NVIDIA / TransformerEngine

A library for accelerating Transformer models on NVIDIA GPUs, including using 8-bit floating point (FP8) precision on Hopper and Ada GPUs, to provide better performance with lower memory utilization in both training and inference.
Apache License 2.0
1.84k stars 310 forks source link

[PyTorch] fused CUDNN attention kernel and sliding window attention #1197

Open Marks101 opened 5 days ago

Marks101 commented 5 days ago

Hello team,

we have been noticing some pretty large deviations between the attention output of flash/unfused attention versus the fused attention kernels when sliding window attention is active.

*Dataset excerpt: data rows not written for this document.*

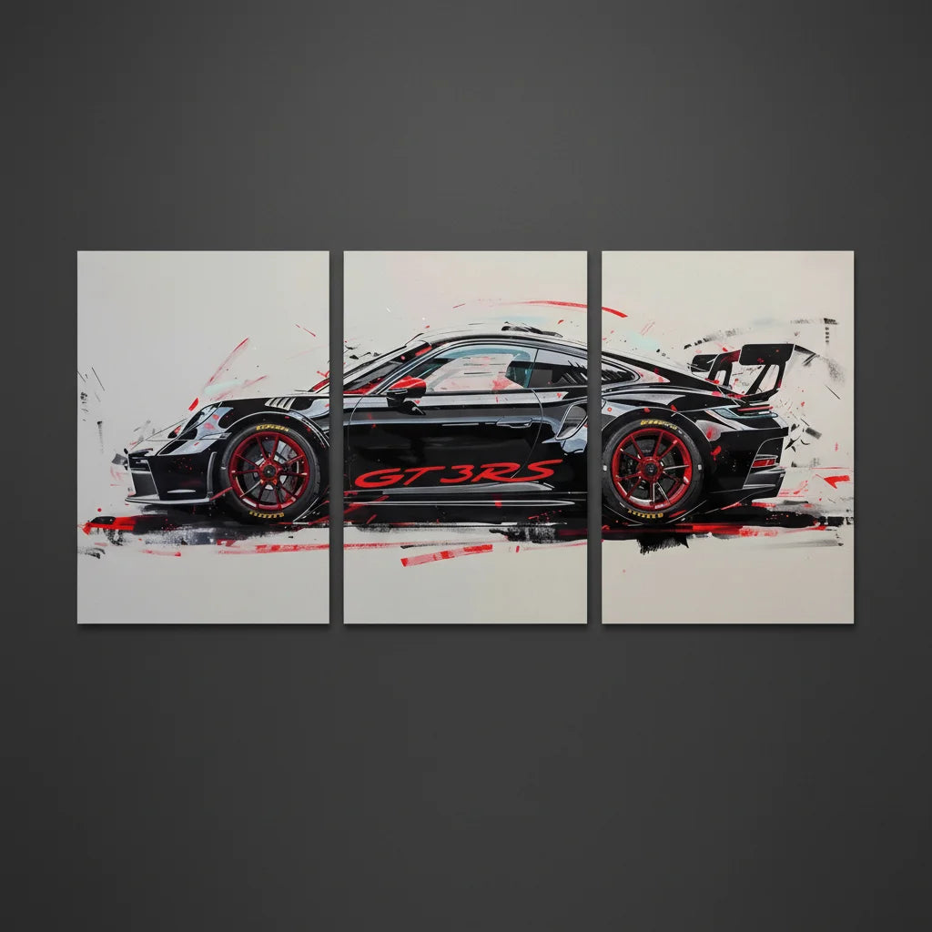 Ignitera ditt utrymme med en mästerlig hyllning till hastighet och precision. Varje panel fångar bilens dynamiska själ, en visuell symfoni som pulserar med rå kraft. OBS ram ingår ej.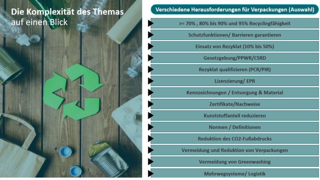 With a convincing opening presentation entitled „Threat or opportunity - What do the European regulations mean for packaging?“, Sonja Bähr, Packaging Analyst at Tilisco GmbH, was able to capture the attention of everyone in the room. She „got involved“ in categorising the latest developments and aspects at a time when it was not yet foreseeable how short-term and extensive the changes would be. She summarised pragmatic approaches in the Parliament's proposals and explained the requirements derived from the use of recyclates in plastic packaging, their evaluation or the minimum standard, with consequences for action. Hats off to her for this clear and committed speech: packaging is increasingly in the area of conflict between sustainability as a legal obligation, technical requirements and their tasks as a marketing tool. Companies should prepare at an early stage for how PPWR and EcoFee modulation or EPR could affect the company's specific projects.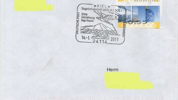 das war doch der Stempel, dessen Datum zunächst nicht feststand, weil es um die Kap-Hoorn-Umfahrung unserer "Gorch Fock" ging, die im südlichsten Hafen der Welt anlegte! Der Stempel trägt das Datum 14.01.2011 war aber am Samstag, 15.01.2011, im "CAP" in Kiel im Einsatz! Ich hatte das zufällig mitbekommen und war dann auch "vor Ort"!!! Bin gerade zurückgeschwommen...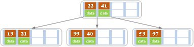 可以看到B树是2-3树的一种扩展,他允许一个节点有多于2个的元素。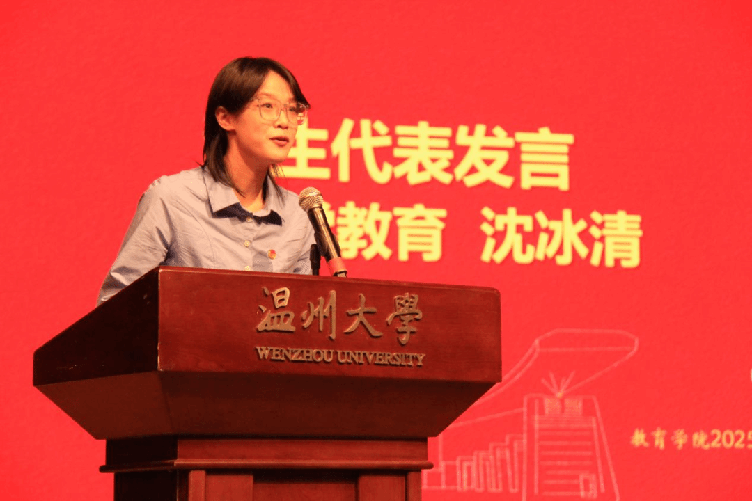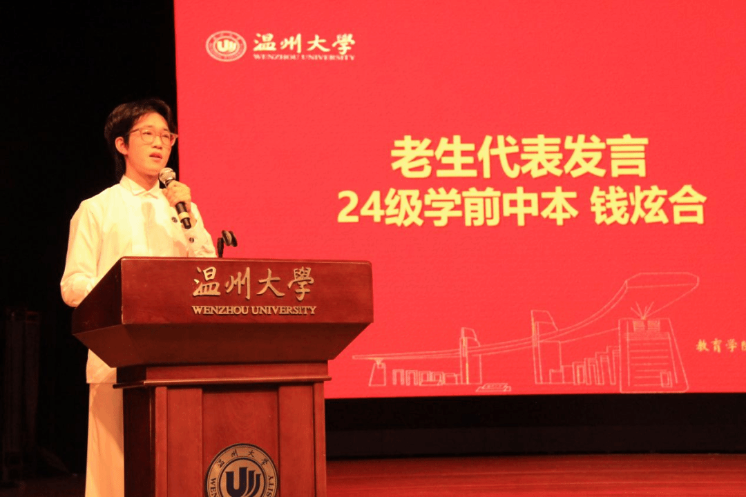 来自24学前中本的老生代表钱炫合同学分享了自己暑期的新西兰访学经历,他通过短视频展示了自己的访学见闻,从学习、文化、专业三视角分享收获,明晰学术与职业规划,并希望在座的新同学们在大学期间收获成长,盼财神捕鱼 建设蒸蒸日上。来自25小学教育的新生代表沈冰清同学表示自己选择教育专业是为了承载使命与梦想,受成长中良师启发后的选择,她表示未来大学四年自己将锤炼教学本领、提升素养,为教育事业贡献青春力量。

The following sample illustrates this:

import torch

from transformer_engine.pytorch.attention import FlashAttention, FusedAttention, UnfusedDotProductAttention, get_swa_mask
from transformer_engine.common.recipe import DelayedScaling
import transformer_engine_torch as tex

window_size = (1024, 0)
seqlen, num_heads, kv_channels = 2048, 64, 64

q, k, v = [torch.randn(seqlen, 1, num_heads, kv_channels, dtype=torch.float16, device="cuda") for _ in range(3)]

flash_attn = FlashAttention(1.0)
fused_attn = FusedAttention(1.0)
unfused_attn = UnfusedDotProductAttention(1.0)

output_flash = flash_attn(q, k, v, "sbhd_sbhd_sbhd", window_size=window_size)
output_fused = fused_attn(q, k, v, "sbhd_sbhd_sbhd",

attention_mask = torch.ones(1, 1, seqlen, seqlen, dtype=torch.bool, device="cuda")
attn_mask_type, attention_mask = get_swa_mask(window_size, seqlen, seqlen, "causal", attention_mask)
output_unfused = unfused_attn(q, k, v, attn_mask_type=attn_mask_type, attention_mask=attention_mask)

print("diff flash vs unfused:", torch.max(torch.abs(output_flash - output_unfused)).item())
print("diff fused vs unfused:", torch.max(torch.abs(output_fused - output_unfused)).item())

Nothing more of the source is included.